Hello Fellow Administrators , Today we will be discussing about STONITH
Shoot The Other Node In The Head it is nothing but a service that helps in maintaining the integrity of nodes in a HA Cluster.
What does STONITH actually does ?
So you have a HA cluster , with Primary and HA server listed in it. In the scenario where one of the server is not working correctly or failover scenario the attached HA server will automatically come up as the primary or the fault system will be stopped and not allowed to start.
Fencing goes side ways with STONITH. Fencing is the method to bring a cluster to a known state.
So what is done in fencing ?
A cluster sometimes detects that one of the nodes is behaving strangely and needs to remove it. Every resource in a cluster has a state attached . The cluster must make sure that every resource may be started on only one node (i.e. only HA or only Primary is active )
Every node must report every change that happens to a resource. The cluster state is thus a collection of resource states and node states.
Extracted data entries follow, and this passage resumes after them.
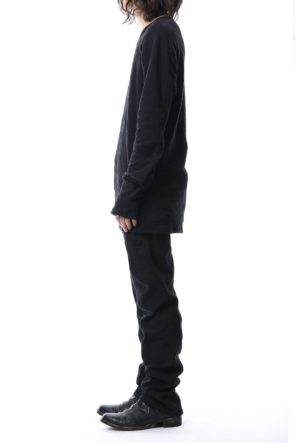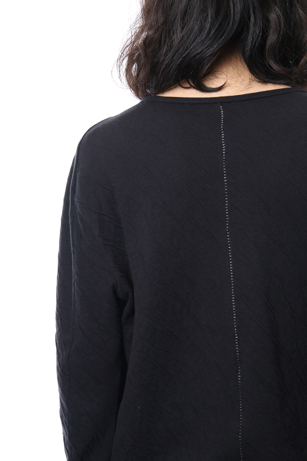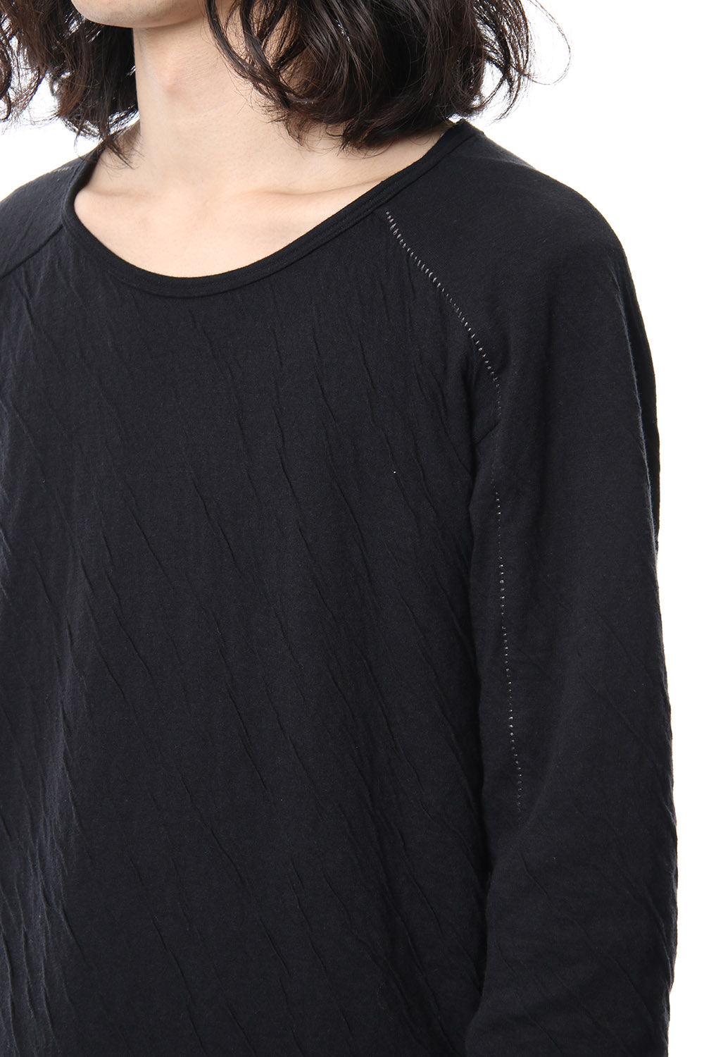 · 2種類の異なる組織で編まれたコットンジャージを接結し、染色することで縮率の違から歪を生み出し、波のようなシワを付けたコットンジャージを使用。
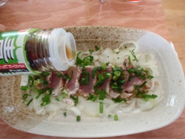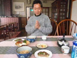 自然食品について熱く語る「ペンション自給自足」のオーナー勅使河原さんです。 |
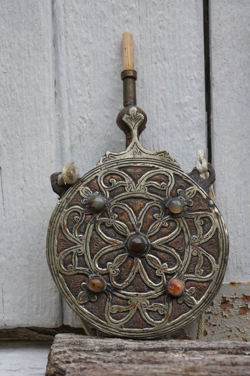 MOYEN-ORIENT (?) GOURDE à anses de forme circulaire en dinanderie de laiton et cuivre, à décor repoussé et ciselé de motifs floraux stylisés rayonnants ornés de cinq pierres dures en cabochon. Le verso agrémenté d'une rosace.

When the state of a node or resource cannot be established with certainty, fencing comes in. Even when the cluster is not aware of what is happening on a given node, fencing can ensure that the node does not run any important resources.
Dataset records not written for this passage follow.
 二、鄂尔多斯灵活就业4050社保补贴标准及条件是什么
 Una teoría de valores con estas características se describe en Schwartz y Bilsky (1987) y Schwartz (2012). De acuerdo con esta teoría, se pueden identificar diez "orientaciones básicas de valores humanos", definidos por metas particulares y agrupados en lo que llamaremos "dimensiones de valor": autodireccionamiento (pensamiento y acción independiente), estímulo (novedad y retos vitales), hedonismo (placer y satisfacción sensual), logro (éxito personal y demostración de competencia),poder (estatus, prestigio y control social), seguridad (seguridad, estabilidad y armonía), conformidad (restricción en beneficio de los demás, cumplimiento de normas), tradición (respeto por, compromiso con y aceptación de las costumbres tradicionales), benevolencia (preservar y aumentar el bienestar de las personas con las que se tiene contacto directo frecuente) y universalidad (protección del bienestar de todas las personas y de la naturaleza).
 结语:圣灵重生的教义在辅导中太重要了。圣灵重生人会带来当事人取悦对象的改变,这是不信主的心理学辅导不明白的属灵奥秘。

Fencing is of two types :-
List of STONITH devices : stonith -L or crm ra list stonith
Let's understand why we said that it maintains the integrity :
“Split brain scenario”, and this may result in bad things happening to the cluster resources. Imagine, for example, a database that starts running twice in the cluster or a file system that starts to be written between two independent nodes. So, having a split brain in the cluster is bad, and the only way to ensure that no such scenario can occur in the cluster is by using the STONITH approach.
What happens actually ?
Cluster resources are not in sync and each node in the cluster believes it is the only active cluster.
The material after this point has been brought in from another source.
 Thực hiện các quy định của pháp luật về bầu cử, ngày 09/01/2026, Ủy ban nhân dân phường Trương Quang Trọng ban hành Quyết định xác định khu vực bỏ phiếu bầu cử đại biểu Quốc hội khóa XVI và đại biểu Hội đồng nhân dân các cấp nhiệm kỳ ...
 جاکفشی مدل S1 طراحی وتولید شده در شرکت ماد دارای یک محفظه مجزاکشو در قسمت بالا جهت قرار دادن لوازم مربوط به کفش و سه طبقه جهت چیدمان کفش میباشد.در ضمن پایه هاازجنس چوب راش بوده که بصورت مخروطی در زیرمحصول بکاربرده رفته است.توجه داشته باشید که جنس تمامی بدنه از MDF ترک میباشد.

To avoid this, we can configure Split Brain Detection (SBD) as node fencing mechanism to shut down the device in case of split-brain scenario. SBD provides a node fencing mechanism for Pacemaker-based clusters through the exchange of messages via shared block storage.
What does STONITH do in case of Split brain scenario ?
STONITH (Shoot the Other Node in The Head), is a basically a fencing mechanism which powers down the selected server remotely, removing it from cluster and allowing other nodes in the cluster to take over.
Different STONITH approaches
- Disk-based STONITH: external/sbd (On Premise – Best Practice)
- Hardware-based STONITH: external/ipmi (On Premise – Second Choice)
- GCP STONITH: external/gcpstonith (Google Cloud)